Rosenstock began post-graduate training at the University of Washington, completing her residency in 1980. She continued on at the university as a chief resident in primary care internal medicine. She was a Robert Wood Johnson Clinical Scholar from 1980 to 1982. In 1993, Rosenstock attained the rank of full professor in the Department of Medicine at the University of Washington, and professor in the Department of Environmental Health in the School of Public Health and Community Medicine. Over this time, she published numerous articles and three books. From 1993 to 1994, Rosenstock chaired the United Auto Workers/General Motors Occupational Health Advisory Board.

==Director of National Institute for Occupational Safety and Health==
In 1994 Dr. Rosenstock was named director of the National Institute for Occupational Safety and Health (NIOSH) in Washington, D.C. She led a staff of 1,500 at the only federal agency with a mandate to undertake research and prevention activities in occupational safety and health. However, after only six months in the position, Rosenstock was threatened with the dissolution of the Institute. The 104th Congress attempted to dismantle NIOSH in 1995, though it was ultimately unsuccessful. Following this threat, NIOSH's responsibilities, staff, and budget grew.

===NORA===
As director of NIOSH, Rosenstock was instrumental in creating the National Occupational Research Agenda, a framework for guiding occupational safety and health research. She led this effort, which involved hundreds of external partners, to identify pressing workplace health risks and to collaborate among the partners to address them. During Rosenstock's tenure, NIOSH acquired the health and safety functions of the former Bureau of Mines and its staff of 400 in the Pittsburgh and Spokane research centers. Rosenstock emphasized practical recommendations, including new NIOSH respirator testing and certification requirements and the use of engineering controls in industry.

===Awards===
For her work at NIOSH, Rosenstock received the Presidential Distinguished Executive Rank Award, the government's highest executive service award. Additionally, the Institute's successes were honored by Vice President Gore with a Hammer Award for excellence in reinventing government. Rosenstock was awarded the Alice Hamilton Award by the American Industrial Hygiene Association in 1999.
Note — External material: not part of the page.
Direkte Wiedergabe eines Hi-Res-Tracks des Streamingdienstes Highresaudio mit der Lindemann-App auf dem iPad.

==Dean of UCLA School of Public Health==
In 2000, Rosenstock accepted the position of dean of the School of Public Health at the University of California, Los Angeles. In a press release, she stated "While I am excited about this new opportunity, it is difficult to leave NIOSH and all that we have accomplished over the last six years. I sincerely believe that working people are better off because of NIOSH's research and prevention activities. I am confident that the hard work and dedication to the field of occupational safety and health will continue long after I have left the Institute."
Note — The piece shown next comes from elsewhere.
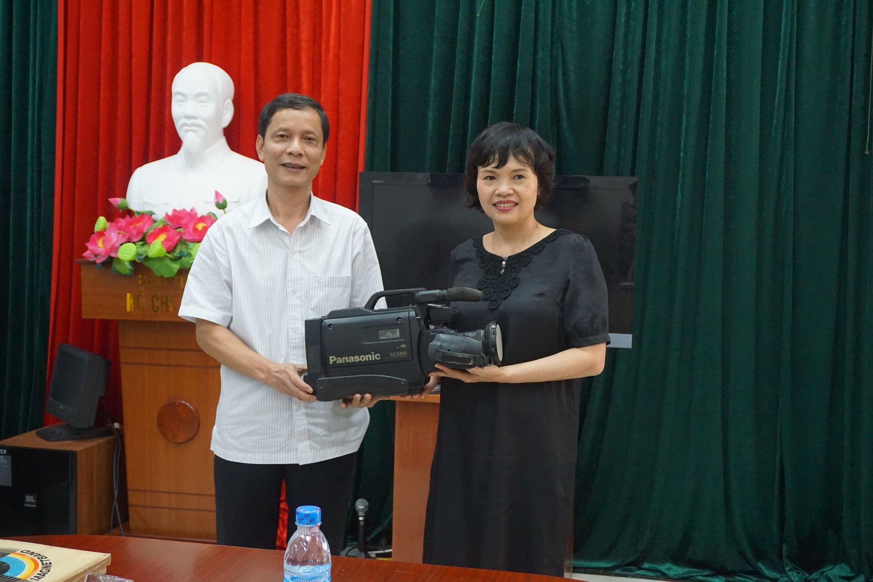 Nhà báo La Ngọc Nhung, Phó Chủ tịch Thường trực HNB Lạng Sơn trao tặng máy phóng ảnh cho Bảo tàng Báo chí Việt Nam.

As dean, Rosenstock oversees 700 graduate students and more than 180 faculty members. She holds appointments as Professor of Medicine and Environmental Health Sciences.

==Other work==
Rosenstock has been active internationally in teaching and research in occupational health and has served as an advisor to the World Health Organization. This included health effects studies in Latin America. She is an Honorary Fellow of the Royal College of Physicians and a member of the Society of Medical Administrators and the National Academy of Sciences' Institute of Medicine. As a member of the National Academy of Sciences' Institute of Medicine (IOM), Rosenstock sits on the Board on Health Sciences Policy, and in 2003 she co-chaired the IOM committee addressing public health workforce needs.